Pieper describes how risk exists in a business, even when not related directly to a project. “We work with a lot of clients who experience high turnover,” he says. “We are seeing that businesses cannot fill positions as fast as they need to in order to be successful. This all stems from not keeping your people happy. A huge way to future-proof your business is to put strategies in place that keep your people happy. Losing skilled people is the biggest risk a business can face.”

Project Risk to a Project Manager

A project manager’s goal is to ensure that projects are completed successfully.
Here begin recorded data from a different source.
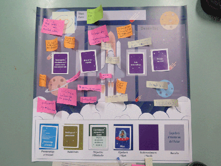 Nos tomamos la primera edición de Cazadores de Historias del Futuro como un proyecto con un importante componente de diseño, ya que el juego de mesa fue concebido desde cero para el proyecto y partíamos solo de unas ideas abstractas que fuimos refinando a través del trabajo en equipo de los investigadores, pero también a través de un proceso global de codiseño con cada uno de los centros. Aunque el juego inicial sería el mismo para los tres, necesitábamos conocer muy bien las características propias del centro y de los participantes antes de definir el punto de partida temático de la experiencia y cómo continuaríamos el trabajo de construcción de historias después del juego. Así pues, escogimos como momento para hacer la experiencia —que queríamos hacer de forma simultánea en los tres centros—, la Semana de la Ciencia de 2017 (a mediados de noviembre) y como marco temático el del turismo sostenible, tomando como premisa la creación de historias alrededor de turistas de origen extraterrestre que llegan a Barcelona con un objetivo concreto; un objetivo que, como otros elementos de cada historia, serían definidos a través del juego. Para materializar la historia diseñamos una serie de talleres adaptados para cada centro y grupo de edad, por lo que los participantes acabaron moldeando su propia historia en forma de cómic, en forma de storyboard, en forma de obra teatral o de relato digital en Instagram. Todo esto, que no es poco, en dos sesiones por grupo, aproximadamente unas cuatro horas que pasaron volando. Y terminamos esta primera experiencia con cerca de cincuenta historias colectivas, muy diferentes entre ellas, que junto con todo el proceso de documentación etnográfica, nos tienen en pleno proceso de clasificación y análisis.
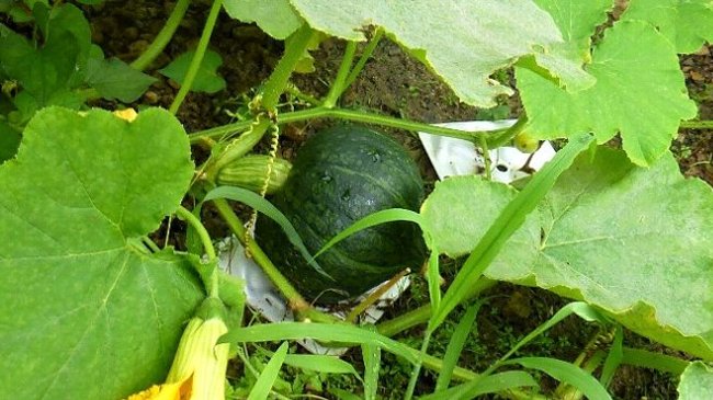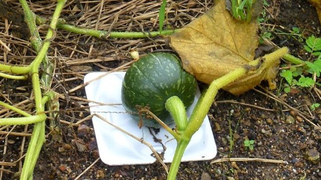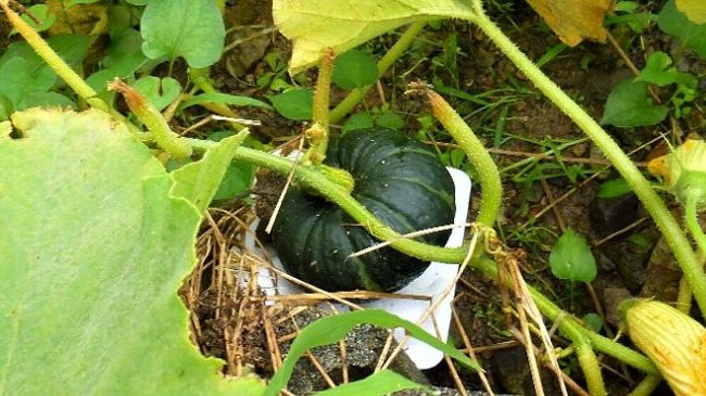 栗カボチャが2個大きくなったので少々早いかとも思ったが今日収穫し、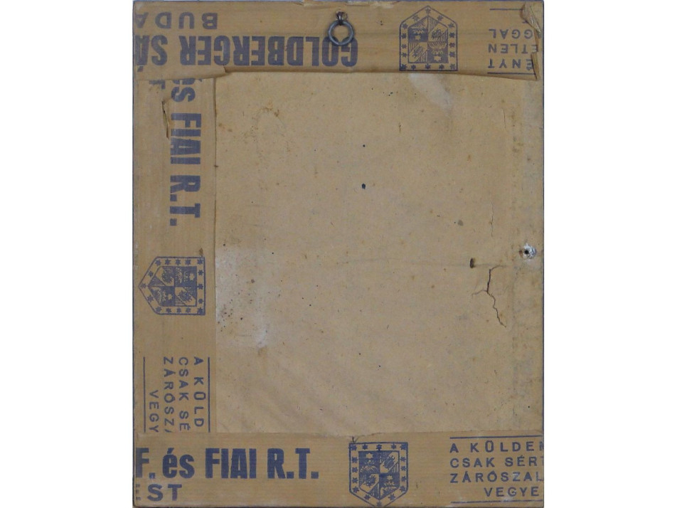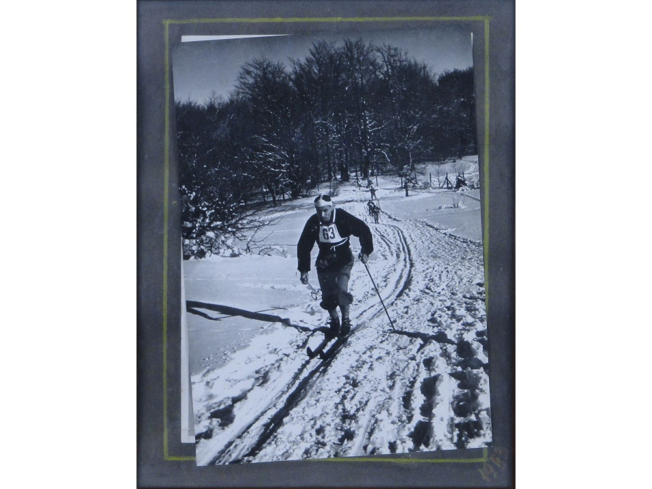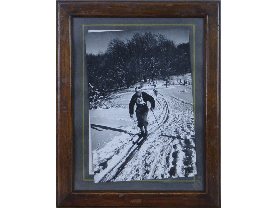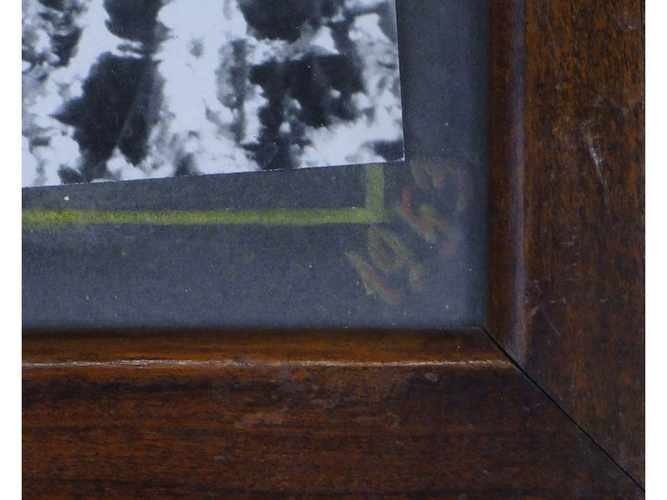 Régi barna keretben, üveglap mögött található régi fekete-fehér fotó, rajta síző férfiak. Hátoldalán falra akasztási lehetőség.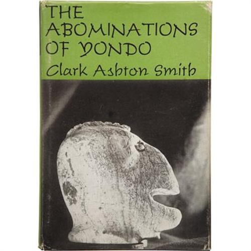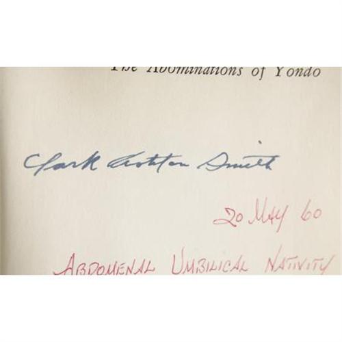 <B>Clark Ashton Smith. </B></I><B><I>The Abominations of Yondo</B></I></B></I><B>.</B></I> Sauk City, Wisconsin: Arkham House, 1960.<BR> <BR>First edition, one of a short print run of 2,005 copies signed by the author. Signed in full and inscribed on the half-title:<I> "</B></I>Abdomenal [sic] Umbilical Nativity Greetings. Dear Francine, from the most mean abominable man you know<I>."</B></I> Octavo. 227 pages. <BR><BR>The fourth collection of Smith's strange stories with jacket art by Ronald Clyne and Wynn Bullock. Black cloth binding with gilt imprinting. Jacket shows moderate wear at corners and edges; spine, covers, and text block are fine to very fine.<I> From the Robert and Diane Yaspan Collection.</B></I><BR><BR><b>Shipping:</b> Books & Catalogs (<a target="_blank" href="http://www.heritageauctions.com/common/shipping.php">view shipping information</a>)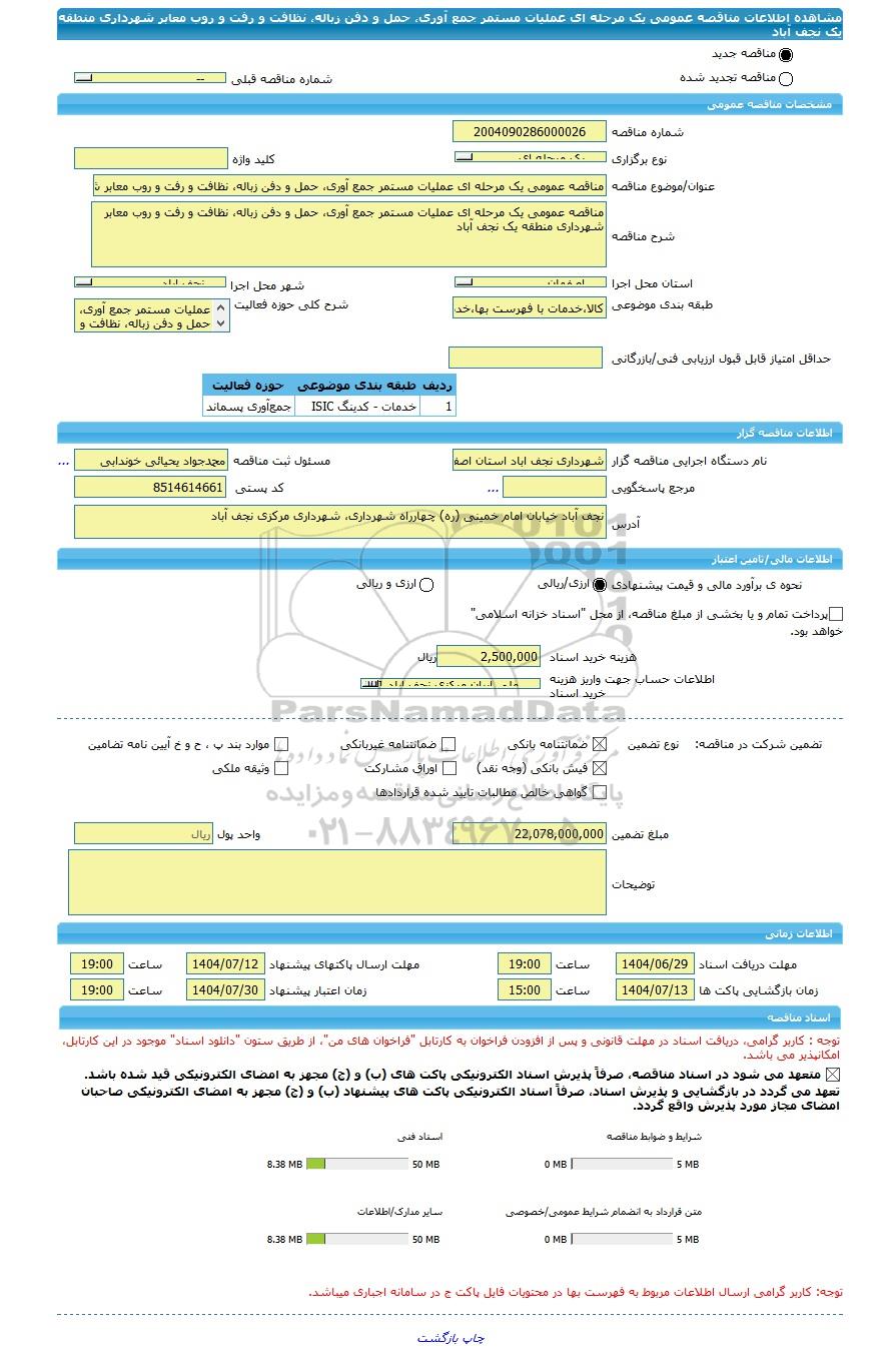 | شرح مناقصه | مناقصه عمومی یک مرحله ای عملیات مستمر جمع آوری، حمل و دفن زباله، نظافت و رفت و روب معابر شهرداری منطقه یک نجف آباد | ||||||||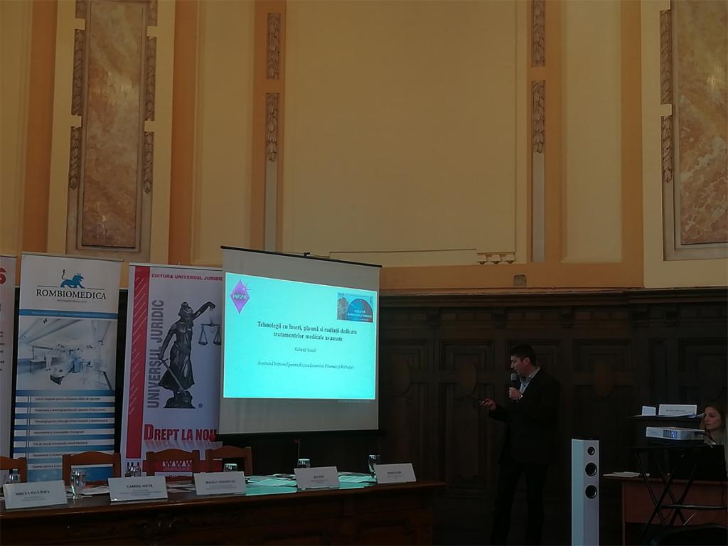 Din partea INFLPR a participat dl. Dr. Gabriel Socol, Șeful Secției Laseri, cu prezentarea „Tehnologii cu laseri, plasmă şi radiații dedicate tratamentelor medicale avansate”. În această prezentare, au fost evidenţiate rezultatele cercetătorilor din INFLPR cu aplicaţii în medicină şi farmacie, dintre care amintim următoarele: acoperiri nanostructurate ale implanturilor ortopedice biomimetice prin metode avansate de impulsuri laser; implanturi avansate biodegradabile de Mg / Mg cu protecție împotriva coroziunii și ecranare antimicrobiană prin acoperiri hibride; inovație pentru administrarea peptidei antimicrobiene prin intermediul nanoparticulelor pentru o performanță îmbunătățită a implanturilor medicale; procesarea materialelor cu ajutorul radiaţiei laser/plasmă pentru administrarea controlată de medicamente, dispozitive de detecţie, acoperiri cu metale antimicrobiene; laser micro și nano-procesare pentru fabricarea de microfluide; procesarea fotonică a biomaterialelor pentru ingineria tisulară şi fabricarea bio-nanomaterialelor.

Much of this task comes down to identifying risks, avoiding them when possible, and mitigating their effects when they are unavoidable.

Project managers use project risk identification strategies to pinpoint potential risk triggers and risk analysis to determine their impact. The most effective way to control project risk is to plan for it. Project managers should implement processes early in the project’s lifecycle to anticipate potential risks and lessen their negative effects when they occur.

Project Risk to a Project Sponsor

The project sponsor ultimately assumes responsibility for a project’s success or failure. It behooves them to create competent teams and empower leaders to manage project risks. 

Risk management practices are multipronged approaches, but they all begin with putting competent people in leadership positions. They need to identify risks early to ensure that projects stay within acceptable risk thresholds and remain fruitful for their sponsors. 

Project sponsors should ensure that their managers are knowledgeable about the risks involved in project management. They should be available to advise their managers and provide feedback when necessary. Sponsors should provide a safe space for project managers to voice concerns about potential issues, and listen and make changes as needed. A project manager is only as good as the support they receive.